We want to acknowledge the important and continued progress that Brazil has made in enhancing the effectiveness of intellectual property rights enforcement. However, shortcomings in some areas of IPR protection and enforcement continue to act as obstacles to U.S. exports and investment. The United States is particularly concerned about recent regulations that give Brazil’s sanitary regulatory agency, ANVISA, the authority to provide “prior consent” to pharmaceutical patent applications. ANVISA’s review is in addition to the normal patent review conducted by Brazil’s patent office (INPI).

We call upon Brazil to assume additional responsibilities commensurate with its prominent position in the global economy. In that regard, we encourage Brazil to continue to work with us and other Members to produce a doable package of results for the WTO’s 9th Ministerial in Bali in December, including a binding agreement on Trade Facilitation. We would also like to see Brazil accede to the WTO Agreement on Government Procurement, which would provide Brazilian companies access to lucrative procurement markets in the United States and other GPA member countries, while opening up Brazil’s government procurement market to foreign participation. And we urge Brazil to consider joining the negotiations to expand the product coverage of the Information Technology Agreement.

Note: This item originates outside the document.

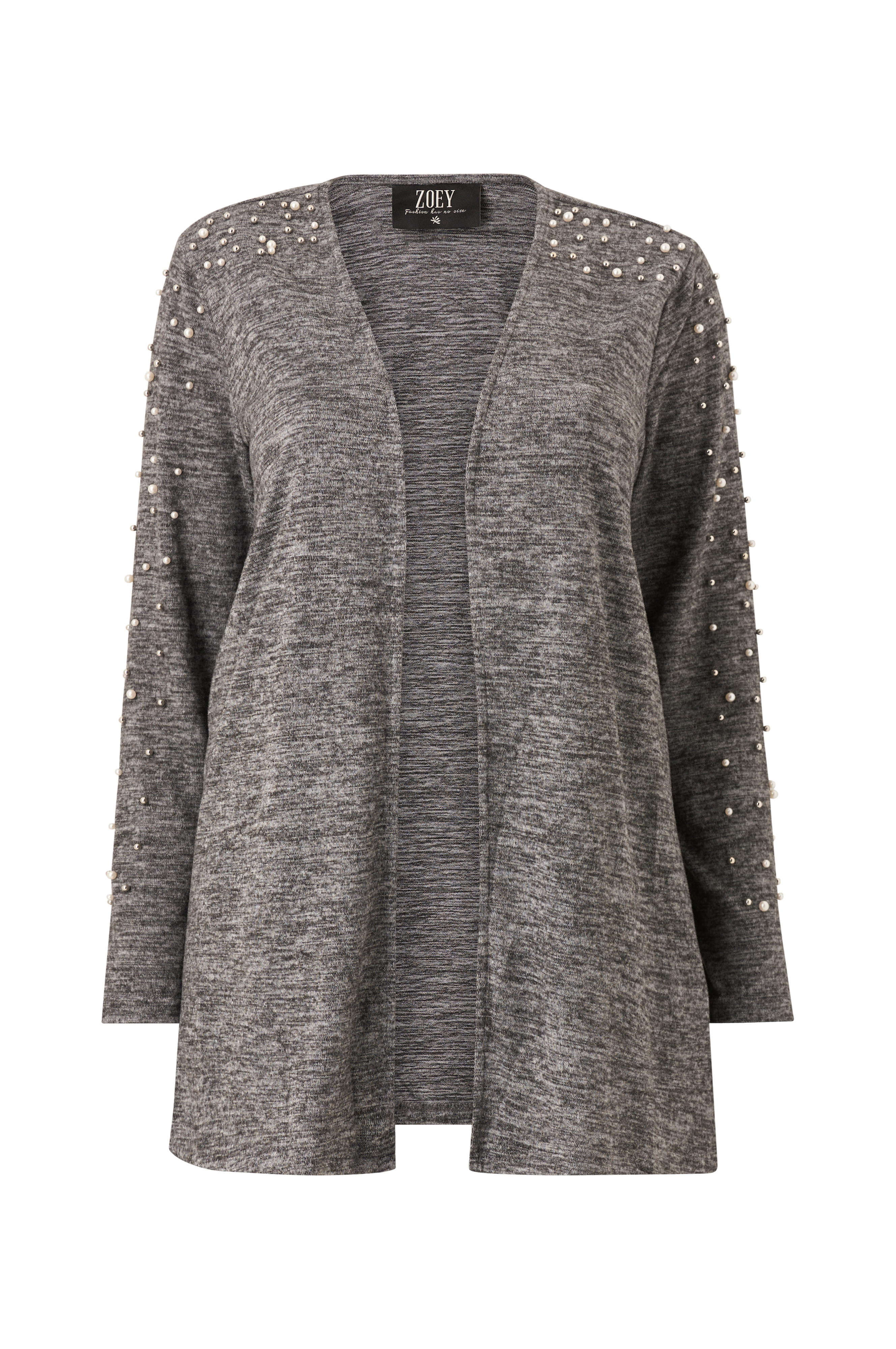 • Fintstrikket kvalitet• Åben forside• Perler på hver skulder og på ærmerne• Store størrelser

The United States would like to remind Brazil of the importance of ensuring that the global trading order remains open. We were troubled to learn that the International Chamber of Commerce recently released its Open Market Index 2013, which ranks Brazil as the G20’s most closed economy. In a ranking of the 75 largest economies, Brazil occupies the 68th position. I would like to express my government’s hope and expectation that, going forward, Brazil will continue to pursue further reforms and open markets that enable it to reap the benefits of expanding trade and global economic opportunity. In addition, we welcome further cooperation on trade matters with our Brazilian colleagues both here at the WTO and in the context of our growing bilateral relationship.

Finally, in closing, on behalf of the United States, I would like to take this opportunity to recognize Ambassador Roberto Azevêdo, the next Director General of the WTO. It has been a privilege to work with Ambassador Azevêdo in his capacity as Brazil’s Ambassador to the WTO, and we look forward to working with him in his new role as Director General of this important institution. Thank you.